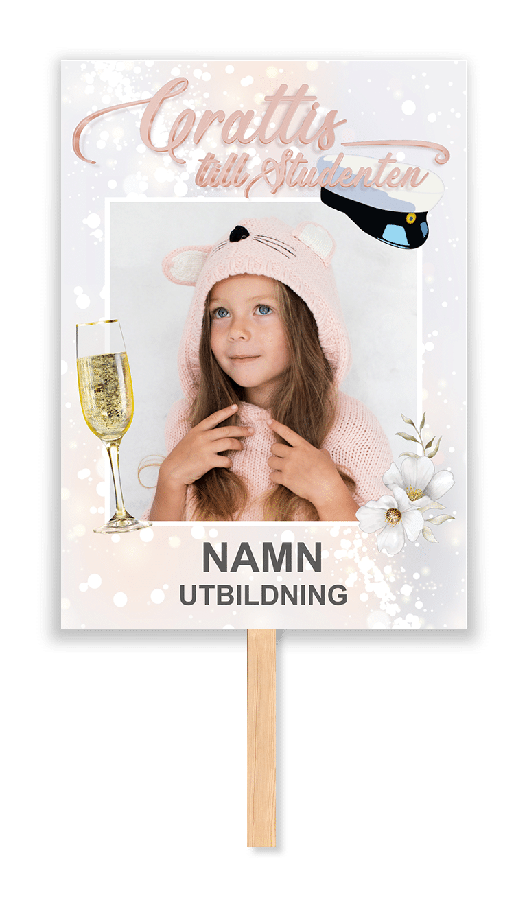 Studentskylt med rosa stilren design.
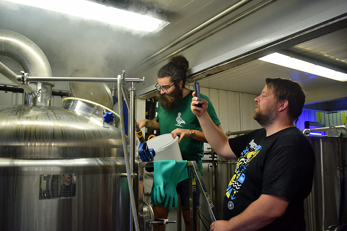 Daniel Gambino och Tomas Halberstad under bryggningen. Det ska inte bara göras öl, det ska dokumenteras också.
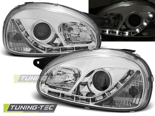 Cena za 2ks – pár. Daylight, to je originalita a styl pro Váš vůz. Lampy inspirovány vzhledem nejnovější řady vozidel s ledkovým osvětlením ozvláštní Váš vůz a dodají mu agresivní vzhled. Vše je připraveno tak, aby světlomety přesně pasovaly na místo původních. To vše v nejvyšší možné kvalitě s homologací pro provoz na veřejných komunikacích. Podpora elektrického naklápěnÍ světel. 6x led v každém led pásu. Pro žárovky H1 tlumené, H1 dálkové (v ceně). Parkovací - LED. Blinkr 21W.
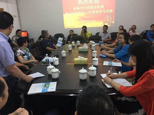 社会服务部主任赵颜忠、急诊科主任张天一、护理部副主任严谨、医保办副主任罗华、院感科副主任曾赛男等行政及临床科室专家与桂林中西结合医院就人员培训、远程医疗等方面进行了重点交流。
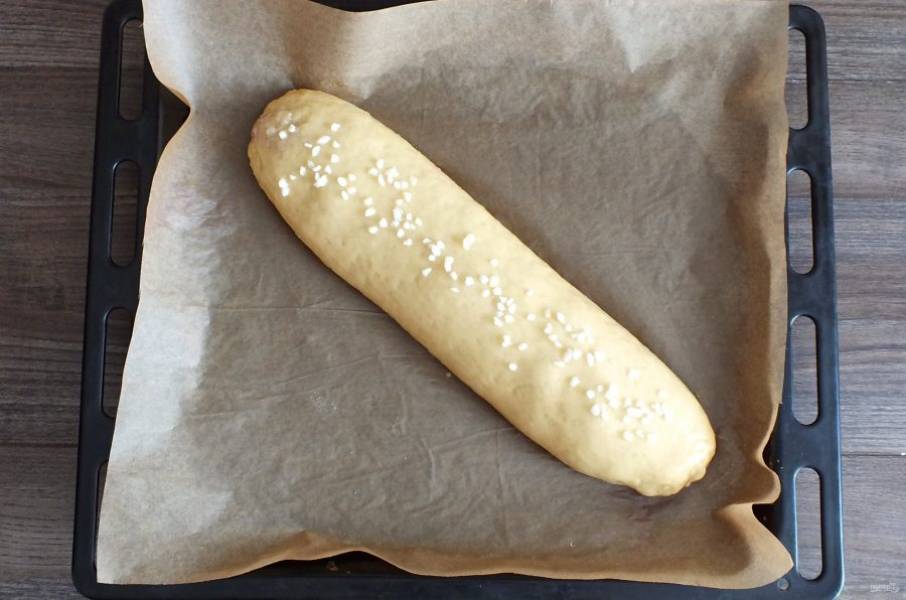 Взяв за противоположные концы пекарской бумаги, аккуратно перенесите рулет на противень. Смажьте его отложенным заранее желтком, посыпьте верх сахаром. Поставьте выпекаться в разогретую до 180 градусов духовку на 35-40 минут. Учитывайте особенности своей духовки.
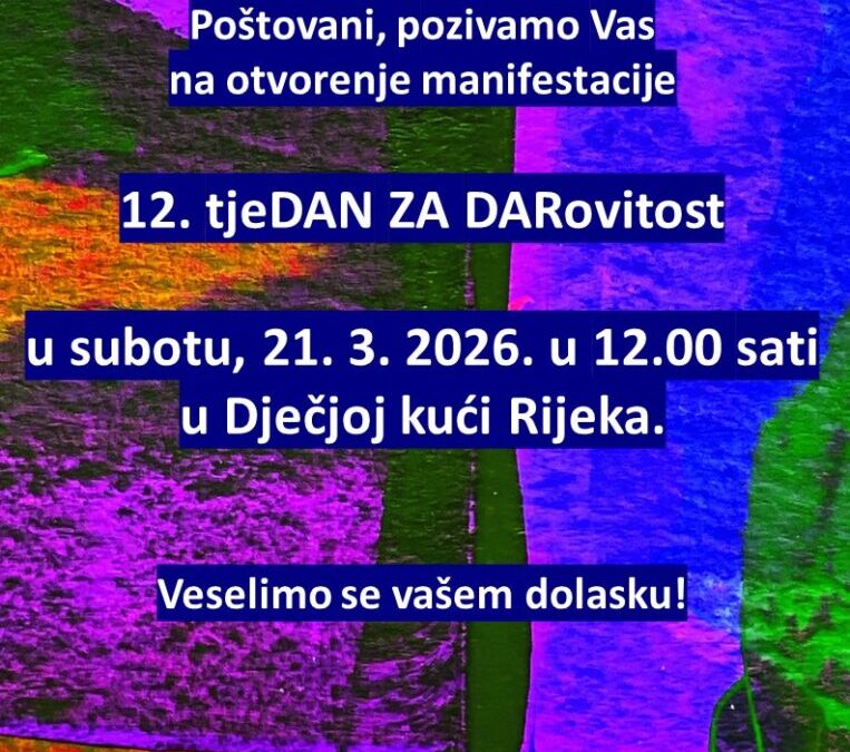 Pozivamo Vas 21. 3. 2026. godine u 12 sati na svečano otvorenje IZLOŽBE likovnih radova u sklopu Tjedna za darovitost u Dječjoj kući u Rijeci.
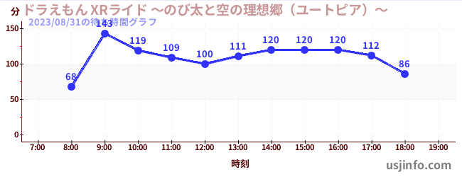 • ドラえもん XRライド ~のび太と空の理想郷(ユートピア)~$B$N(B2023年08月31日の待ち時間

***

| WHAT THIS TASK INVOLVES |
Give an exact copy of the material, leaving out every picture.

| TASK RESPONSE |
 Studentskylt med rosa stilren design.
 Daniel Gambino och Tomas Halberstad under bryggningen. Det ska inte bara göras öl, det ska dokumenteras också.
 Cena za 2ks – pár. Daylight, to je originalita a styl pro Váš vůz. Lampy inspirovány vzhledem nejnovější řady vozidel s ledkovým osvětlením ozvláštní Váš vůz a dodají mu agresivní vzhled. Vše je připraveno tak, aby světlomety přesně pasovaly na místo původních. To vše v nejvyšší možné kvalitě s homologací pro provoz na veřejných komunikacích. Podpora elektrického naklápěnÍ světel. 6x led v každém led pásu. Pro žárovky H1 tlumené, H1 dálkové (v ceně). Parkovací - LED. Blinkr 21W.
 社会服务部主任赵颜忠、急诊科主任张天一、护理部副主任严谨、医保办副主任罗华、院感科副主任曾赛男等行政及临床科室专家与桂林中西结合医院就人员培训、远程医疗等方面进行了重点交流。
 Взяв за противоположные концы пекарской бумаги, аккуратно перенесите рулет на противень. Смажьте его отложенным заранее желтком, посыпьте верх сахаром. Поставьте выпекаться в разогретую до 180 градусов духовку на 35-40 минут. Учитывайте особенности своей духовки.
 Pozivamo Vas 21. 3. 2026. godine u 12 sati na svečano otvorenje IZLOŽBE likovnih radova u sklopu Tjedna za darovitost u Dječjoj kući u Rijeci.
 • ドラえもん XRライド ~のび太と空の理想郷(ユートピア)~$B$N(B2023年08月31日の待ち時間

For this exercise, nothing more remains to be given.